新入生の教室にて
Aクラスにいった時にちょうどHRが終わったらしく、このクラスの担任そして攻略対象者の井無田 玖音がドアを開け僕たちを招き入れてくれた。
「来たか、今ちょうど委員決めが終わったとこなんだ。」
そう僕らに言うと、
「生徒会の奴らが来てくれた。これから生徒会から諸注意や説明があるからキチンと聞くように。」
生徒に前置きをして先生は窓際の方へ移って行ったので入れ替わるように僕らが教壇へ立った。
教壇に立つと真ん前の席に香桃恵がいた。近いな。にしても全く変わらない。なんだか小学生の時の顔のまま背だけ伸びたみたいだ。要するに童顔だな。
そういや前世で親友が『童顔と150cmの小さい身長のせいで主人公ちゃんが中学生に間違われて、燈火くんがそのことをからかっててめっちゃ萌えた!!燈火くんも主人公ちゃんも可愛いいい!!』って言ってたな。
その香桃恵は僕のことは全く気づいていないみたいだ。
まあ、当たり前か。容姿も大分変わったし、何しろ僕は今男として通ってるから仕方ない。
逆に燈火の方にはすぐ気づいたみたいだ。驚きで大きい目がさらに大きくなってる。
さてその燈火は…気づいてるな。驚きで固まってるし。
だから名簿読んでおけって言ったのに。
まあいいや。こっちが喋っている間にもとに戻るだろう。
「ご紹介に預かりました、生徒会です。僕は副会長を務めさせてもらっている2年の三重埜想羅です。能力は重力を操るというものです。どういうものかと言うと…」
僕は実演するため、あと未だ固まっている燈火を起こすために丸めたプリントの重力を少しいじって燈火の頭の上にポンッと置いた。
「(バコッ!!)っっってええええええ!!想羅何するんだよ!いてえだろうが!思いっきり叩くんじゃねえ!」
燈火が頭を抑えてこっちを睨んで叫んだ。よほど痛かったのか少し涙目だ。だが知らん。スルーだスルー。固まっているお前が悪い。
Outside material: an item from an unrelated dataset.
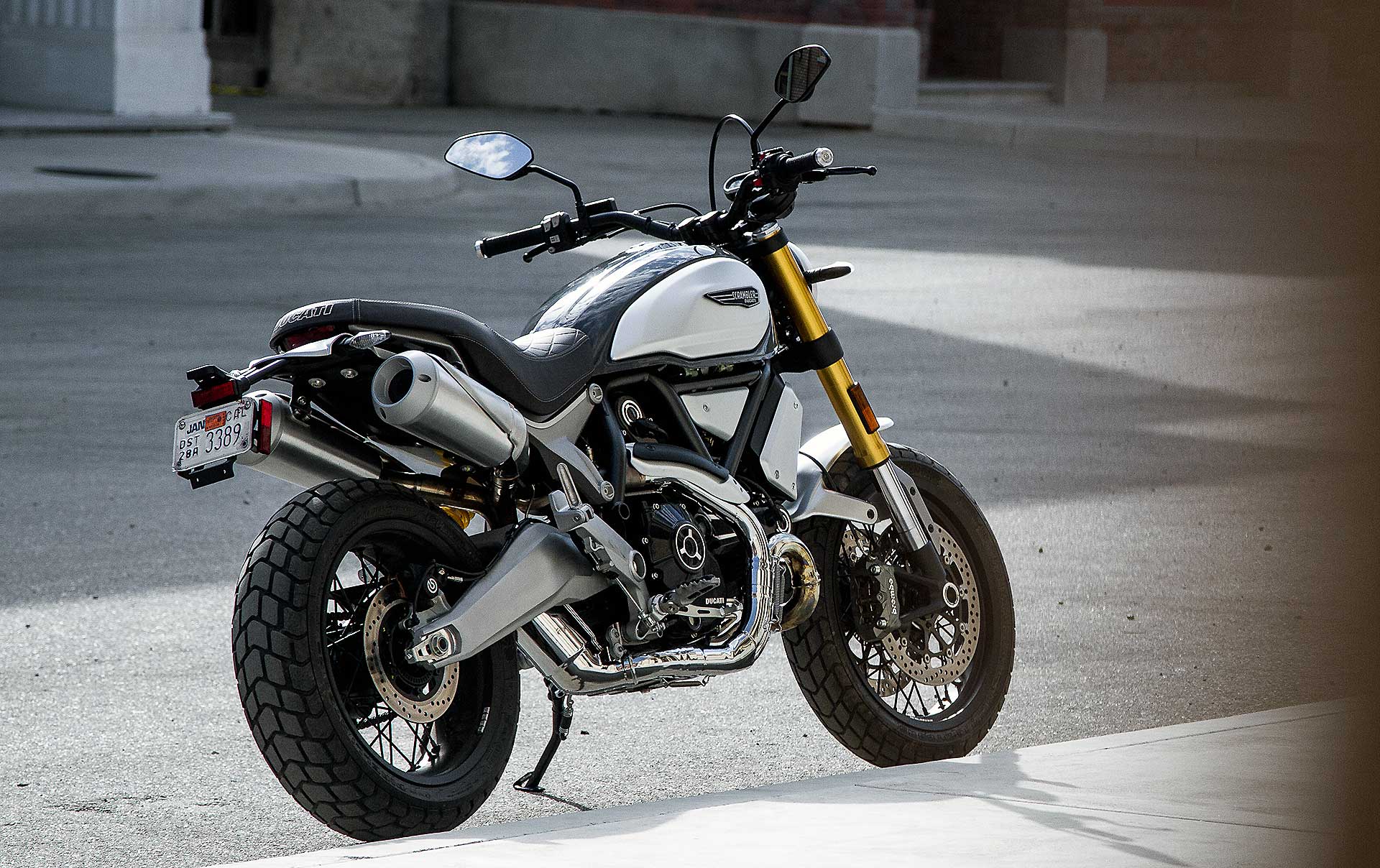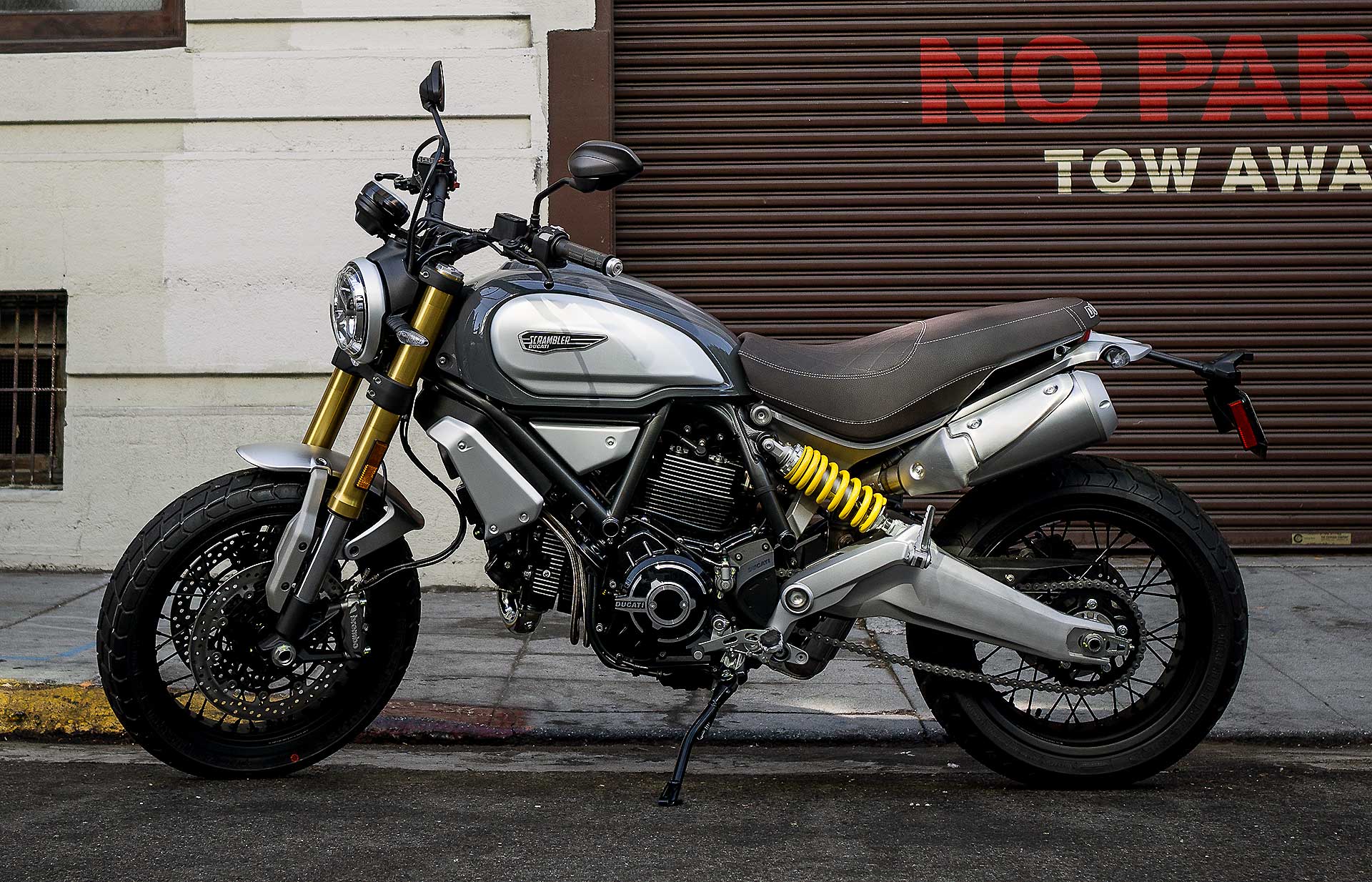 Due le parti in cui è suddivisa la strumentazione, che però ha un aspetto monolitico: quella lunga include l’indicazione tachimetrica, la marcia inserita, l’eventuale estensione del cavalletto e alte informazioni minori; il grande display circolare racchiude le spie luminose sulla cornice esterna, mentre all’interno trovano posto il livello del carburante, quello del Ducati Traction Control, la modalità di guida nonché il contagiri. Tutto digitale.Classica ma elettronicaLo Scrambler 1100 vanta blocchetti elettrici inediti, Ride By Wire, piattaforma inerziale e Ducati Traction Control su quattro livelli, all’esordio sulla gamma. L’impianto frenante Brembo con coppia di dischi anteriori di 320 mm di diametro e pinze a quattro pistoncini, disco posteriore di 245 mm è dotato di ABS Bosch 9.1 MP Cornering, che assicura la massima funzionalità anche a moto inclinata. Tre i Riding Mode: l’Active è il più brillante, dedicato alla guida sportiva; Journey è pensato per l’uso quotidiano; City vede la riduzione della potenza da 86 a 75 cavalli, con il controllo di trazione sul livello più invasivo (4) e una risposta al gas molto dolce.I prezzi: Scrambler 1100 standard da 12.990 euro f.c., Special (in prova) da 14.290 euro f.c. e Sport da 14.990 euro f.c. RIDE Interasse senza ansie (1.514 mm), angolo del cannotto di 24,5°, avancorsa di 110 mm: sono i capisaldi della ciclistica, insieme all’altezza della sella fissata a 810 mm. Dati che chiariscono, se mai ce ne fosse bisogno, la vocazione dello Scrambler 1100, ossia il divertimento nella guida, nel nome del relax e del disimpegno. Con il vento tra i capelli, se le regole lo consentissero.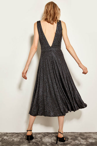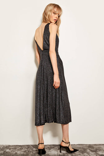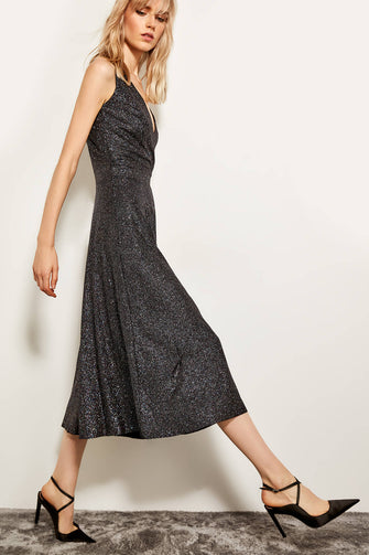 Double-breasted Collar Multi Color Shimmer Evening Dress

「皆さん、今のが僕の能力です。少し分かり難かったですかね?
今のは重力をいじってプリントを実際の重さより重くしたんです。なのでその重みのせいで置いただけでも思いっきり叩かれたのと同じ感覚になったということです。他にも色々な使い方があるけれどそれはまた追い追い。…燈火。君痛がるのもいいけど、いい加減自己紹介でもしたら?」
ボソッとあまり皆に聞こえないようにいうと、未だこちらを睨んでた燈火がハッと気付き周りを見渡してあ、そういえばそうでした。というかのように体勢を整え直した。
…もしかして忘れてた?今新入生の教室にいるの忘れてた?
「……お見苦しい所を見せてしまってすまなかった。俺は生徒会で書記を務めている2年の淀鞍燈火だ。能力は炎を操るというものだ。よろしくな。
まあ自己紹介はこれくらいにしてまず最初に生徒会の説明に入らしてもらうぞ。」
そう言って燈火はハキハキと説明し始めた。
うん、さっきのアレさえ無ければ完璧に決まってたのにね。残念燈火。